In some embodiments of the system, the non-transitory computer readable medium further includes code that: determines whether the behavioral accuracy score of a first device of the plurality of devices is within a first behavioral accuracy score category, a second behavioral accuracy score category, or a third behavioral accuracy score category; and determines whether the deviation score is within a first deviation score category, a second deviation score category, or a third deviation score category.

In some embodiments of the system, when the behavioral accuracy score is within the second behavioral accuracy score category and the deviation score is within the first deviation score category, the first device is temporally logged out from the authentication network and biometric authentication is requested from a user of the first device to login to the authentication network.

In some embodiments of the system, when the behavioral accuracy score is within the second behavioral accuracy score category and the deviation score is within the second deviation score category, the first device is temporally logged out from the authentication network and biometric authentication and two-factor authentication is requested from a user of the first device to login to the authentication network.

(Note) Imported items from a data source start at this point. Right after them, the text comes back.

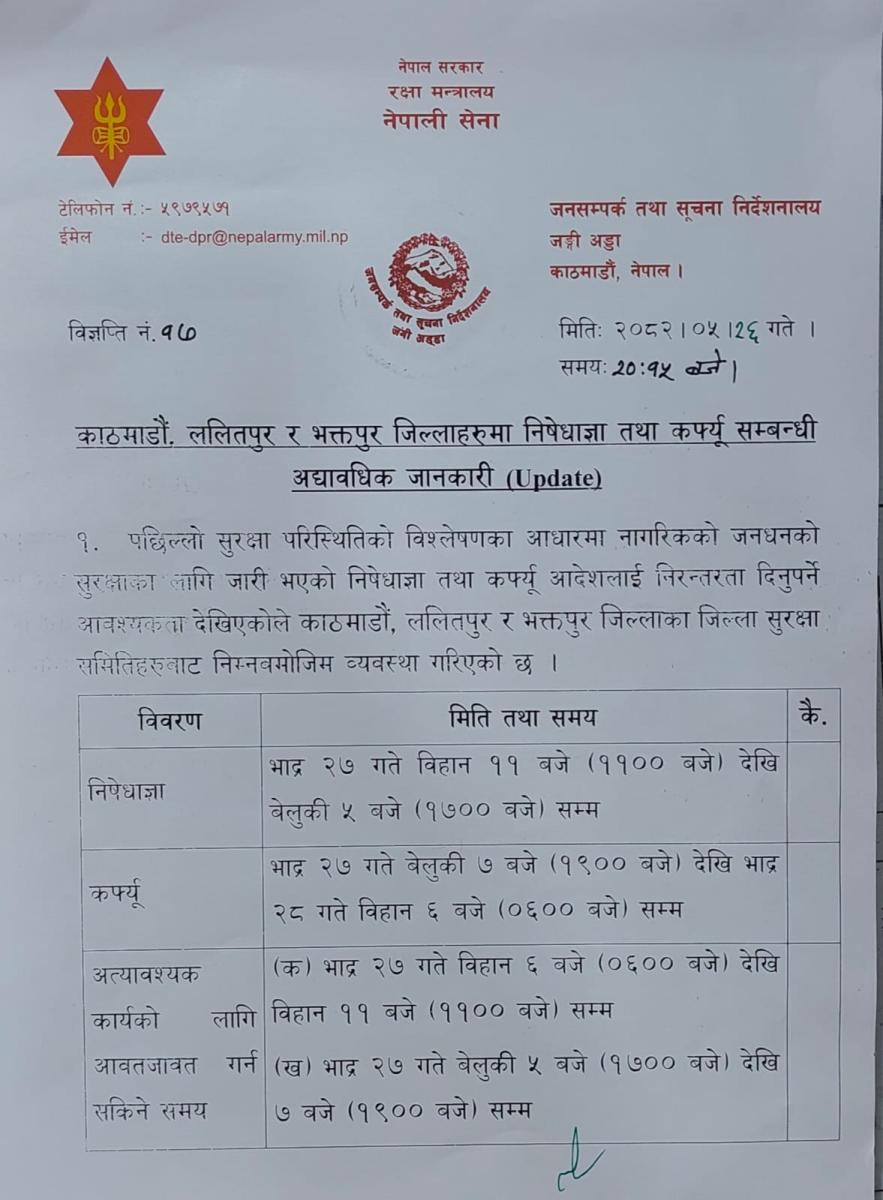 सैनिक जनसम्पर्क तथा सूचना निर्देशनालयका अनुसार निषेधाज्ञा भदौ २७ गतेको बिहान ११ देखि बेलुकी ५ बजेसम्म लागू हुनेछ। कर्फ्यू भने भदौ २७ गते बेलुकी ७ बजेदेखि भदौ २८ गते बिहान ६ बजेसम्मका लागि जारी गरिएको छ ।
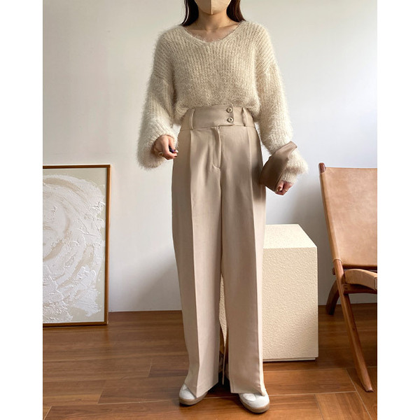 beige- polyester 72% + rayon 18% + wool5% + span5%" - サイズ : S, M
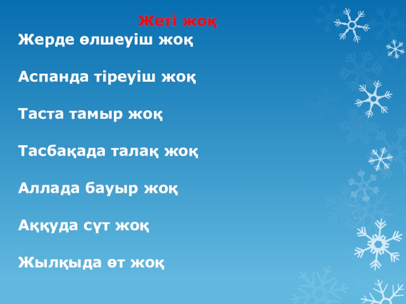Жеті жоқЖерде өлшеуіш жоқАспанда тіреуіш
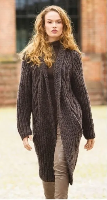 Вам потребуется: пряжа (50% натуральной шерсти, 50% полиакрила; 85 м/50 г) — 750 (800) 850 г коричневой; спицы №6 и 7.
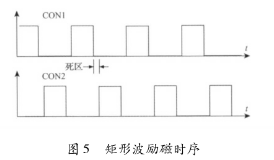 該電路主要由勵(lì)磁時(shí)序發(fā)生單元、三態(tài)緩沖器及隔離光耦組成。勵(lì)磁時(shí)序由電磁海水流量計(jì)系統(tǒng)的控制核心產(chǎn)生。采用DSP的EPWM外設(shè)模塊,通過(guò)設(shè)定其內(nèi)部定時(shí)器的工作模式發(fā)出所要求的勵(lì)磁頻率的勵(lì)磁時(shí)序PWM信號(hào)CT_1和CT_2。由于勵(lì)磁控制系統(tǒng)中的勵(lì)磁工作電源的電壓要比DSP的工作電源電壓高得多,為防止勵(lì)磁電路故障對(duì)系統(tǒng)控制核心產(chǎn)生致命影響,采用光耦將控制部分與勵(lì)磁部分進(jìn)行隔離。另外,由于DSP引腳的驅(qū)動(dòng)能力有限,所以在DSP與隔離光耦之間加入三態(tài)緩沖器以驅(qū)動(dòng)隔離光耦的輸入級(jí)。并且,DSP能夠通過(guò)GPIO口控制三態(tài)緩沖器上的使能引腳來(lái)使能和禁止勵(lì)磁,以在檢測(cè)到電路故障時(shí)迅速關(guān)斷H橋所有橋臂。該勵(lì)磁時(shí)序產(chǎn)生電路通過(guò)軟件編程可產(chǎn)生如圖5所示的單頻矩形波。在實(shí)際應(yīng)用中,由于組成H橋的達(dá)林頓三極管與MOS管導(dǎo)通與關(guān)斷的時(shí)間不一致,易在勵(lì)磁方向切換瞬間,產(chǎn)生上下橋臂同時(shí)導(dǎo)通的現(xiàn)象,反映在勵(lì)磁電流波形上為一幅值很高的窄脈沖。該脈沖電流不僅容易引起遲滯比較電路的誤輸出,從而導(dǎo)致高低壓切換電路與電流旁路電路的誤動(dòng)作,而且對(duì)恒流控制電路產(chǎn)生沖擊,減小三端穩(wěn)壓芯片的使用壽命,同時(shí)還會(huì)產(chǎn)生EMC電磁干擾,給測(cè)量精度帶來(lái)影響。所以實(shí)際應(yīng)用時(shí),如圖5所示對(duì)方波勵(lì)磁時(shí)序添加死區(qū),可以明顯減小上述現(xiàn)象。

In some embodiments of the system, when the behavioral accuracy score is within the second behavioral accuracy score category and the deviation score is within the third deviation score category, the first device is temporally logged out from the authentication network for a fixed amount of time and a determination is made as to whether to proceed with actions corresponding to the first deviation score category or the second deviation score category.

In some embodiments of the system, when the behavioral accuracy score is within the third behavioral accuracy score category and the deviation score is within the first deviation score category, the first device is temporally logged out from the authentication network for a fixed amount of time and based upon a similarity assessment of deviation scores of the plurality of devices that are not the first device, the behavioral accuracy score of the first device is adjusted such that the behavioral accuracy score is in the second behavioral accuracy score category and the deviation score of the first device is in the third deviation score category.

In some embodiments of the system, when the behavioral accuracy score is within the third behavioral accuracy score category and the deviation score is within the second deviation score category, the first device is temporally logged out from the authentication network for a fixed amount of time and based upon a similarity assessment of deviation scores of the plurality of devices that are not the first device, the deviation score of the first device is adjusted such that the deviation score is in the first deviation score category.

In some embodiments, an apparatus includes an isolation analysis unit; a behavior monitoring unit coupled to the isolation analysis unit; and a deviation analysis unit coupled to the isolation analysis unit and the isolation analysis unit, wherein, based upon an isolation assessment of a behavioral accuracy score and a deviation score associated with each device of a plurality of devices in an authentication network, the isolation analysis unit determines whether to isolate a device from the plurality of devices of the authentication network.

In some embodiments of the apparatus, the isolation analysis unit compares the behavioral accuracy score to a behavioral accuracy score category and compares the deviation score to a deviation score category to determine whether to isolate the device.

In some embodiments of the apparatus, when the behavioral accuracy score is in a low behavioral accuracy score category and the deviation score is in a high deviation score category, the device is isolated from the authentication network until a user of the device reinitiates a registration of the device.